### The data ###

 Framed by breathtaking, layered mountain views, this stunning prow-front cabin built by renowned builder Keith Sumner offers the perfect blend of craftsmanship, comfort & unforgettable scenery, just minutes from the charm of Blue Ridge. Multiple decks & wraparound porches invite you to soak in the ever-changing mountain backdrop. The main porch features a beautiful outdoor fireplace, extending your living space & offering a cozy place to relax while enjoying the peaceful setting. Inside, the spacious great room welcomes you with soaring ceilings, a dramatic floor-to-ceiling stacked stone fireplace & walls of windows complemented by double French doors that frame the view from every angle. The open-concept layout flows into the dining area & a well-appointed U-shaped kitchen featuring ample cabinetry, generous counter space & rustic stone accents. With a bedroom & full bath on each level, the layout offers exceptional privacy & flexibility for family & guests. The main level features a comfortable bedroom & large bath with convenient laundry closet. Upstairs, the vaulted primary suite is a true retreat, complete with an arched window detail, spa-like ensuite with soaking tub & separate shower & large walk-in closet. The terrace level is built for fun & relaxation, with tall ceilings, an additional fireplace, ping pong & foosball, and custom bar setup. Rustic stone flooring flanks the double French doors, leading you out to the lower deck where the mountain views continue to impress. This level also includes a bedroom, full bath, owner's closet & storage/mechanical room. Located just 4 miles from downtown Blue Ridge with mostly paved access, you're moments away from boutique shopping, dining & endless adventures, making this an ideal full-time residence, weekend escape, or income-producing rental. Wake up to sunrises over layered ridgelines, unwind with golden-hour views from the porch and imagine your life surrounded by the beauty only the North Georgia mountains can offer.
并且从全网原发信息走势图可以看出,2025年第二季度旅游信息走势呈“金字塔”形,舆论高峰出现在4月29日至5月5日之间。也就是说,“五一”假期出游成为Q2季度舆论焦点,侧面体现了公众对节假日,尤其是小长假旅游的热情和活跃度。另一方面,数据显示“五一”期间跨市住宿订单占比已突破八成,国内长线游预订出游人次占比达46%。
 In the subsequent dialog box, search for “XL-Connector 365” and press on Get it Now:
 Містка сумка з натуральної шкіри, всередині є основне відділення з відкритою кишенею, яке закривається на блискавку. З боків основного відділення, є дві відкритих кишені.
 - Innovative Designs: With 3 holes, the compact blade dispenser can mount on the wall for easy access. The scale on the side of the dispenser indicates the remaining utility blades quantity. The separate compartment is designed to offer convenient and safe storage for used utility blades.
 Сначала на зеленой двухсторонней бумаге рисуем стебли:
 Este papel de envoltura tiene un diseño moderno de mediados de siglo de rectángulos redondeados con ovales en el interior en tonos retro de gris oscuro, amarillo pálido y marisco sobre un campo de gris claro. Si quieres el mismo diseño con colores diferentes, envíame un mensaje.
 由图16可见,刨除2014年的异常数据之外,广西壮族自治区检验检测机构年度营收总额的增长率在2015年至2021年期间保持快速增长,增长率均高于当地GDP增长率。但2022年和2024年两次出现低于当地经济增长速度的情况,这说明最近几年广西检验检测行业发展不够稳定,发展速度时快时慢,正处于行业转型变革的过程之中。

###
### The data ###

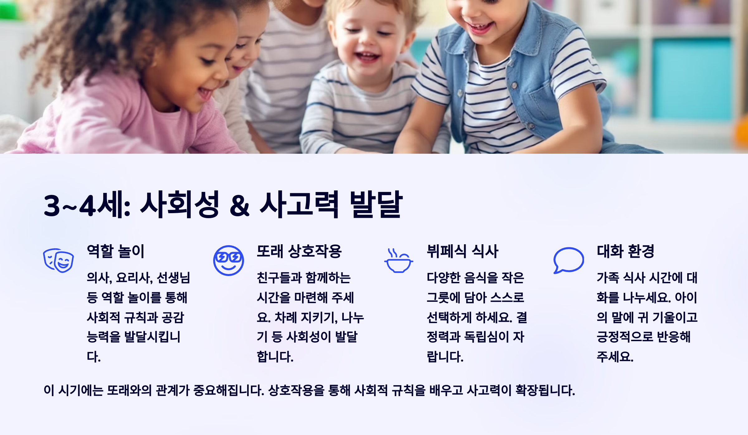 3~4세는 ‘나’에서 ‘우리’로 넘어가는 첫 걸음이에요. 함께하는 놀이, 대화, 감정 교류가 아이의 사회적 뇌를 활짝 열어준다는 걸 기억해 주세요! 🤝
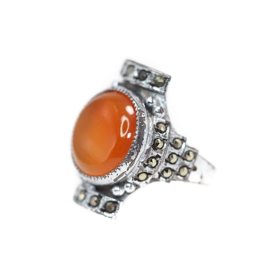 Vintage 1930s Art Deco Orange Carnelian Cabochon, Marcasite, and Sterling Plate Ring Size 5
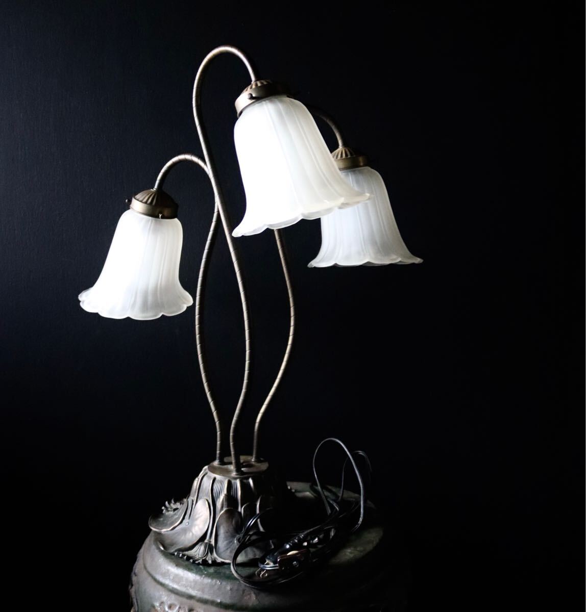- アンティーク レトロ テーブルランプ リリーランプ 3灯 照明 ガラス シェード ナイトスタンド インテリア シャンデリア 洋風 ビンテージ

###
### The data ###

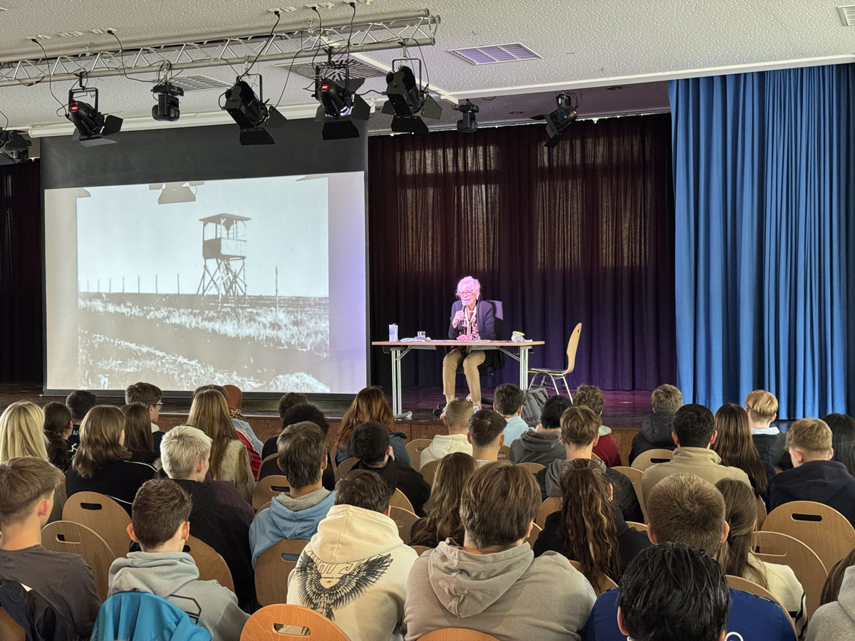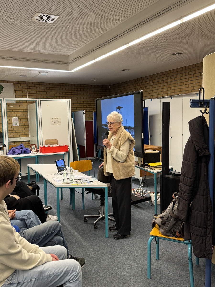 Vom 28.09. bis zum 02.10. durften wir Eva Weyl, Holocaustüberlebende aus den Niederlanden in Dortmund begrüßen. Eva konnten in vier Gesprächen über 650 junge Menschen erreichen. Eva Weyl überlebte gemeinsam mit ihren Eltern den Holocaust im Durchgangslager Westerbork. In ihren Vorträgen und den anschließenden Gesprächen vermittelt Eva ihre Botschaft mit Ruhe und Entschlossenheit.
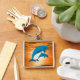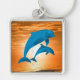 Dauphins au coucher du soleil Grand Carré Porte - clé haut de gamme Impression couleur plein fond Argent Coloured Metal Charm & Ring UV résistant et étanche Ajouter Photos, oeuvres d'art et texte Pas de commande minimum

###

▸ Problem to work on: Would you give again, exactly, the lines in the data above that run from the line containing "Vom 28.09. bis" to the line containing "Dauphins au coucher"? Include both ends and no pictures.

▸ Response area:
 Vom 28.09. bis zum 02.10. durften wir Eva Weyl, Holocaustüberlebende aus den Niederlanden in Dortmund begrüßen. Eva konnten in vier Gesprächen über 650 junge Menschen erreichen. Eva Weyl überlebte gemeinsam mit ihren Eltern den Holocaust im Durchgangslager Westerbork. In ihren Vorträgen und den anschließenden Gesprächen vermittelt Eva ihre Botschaft mit Ruhe und Entschlossenheit.
 Dauphins au coucher du soleil Grand Carré Porte - clé haut de gamme Impression couleur plein fond Argent Coloured Metal Charm & Ring UV résistant et étanche Ajouter Photos, oeuvres d'art et texte Pas de commande minimum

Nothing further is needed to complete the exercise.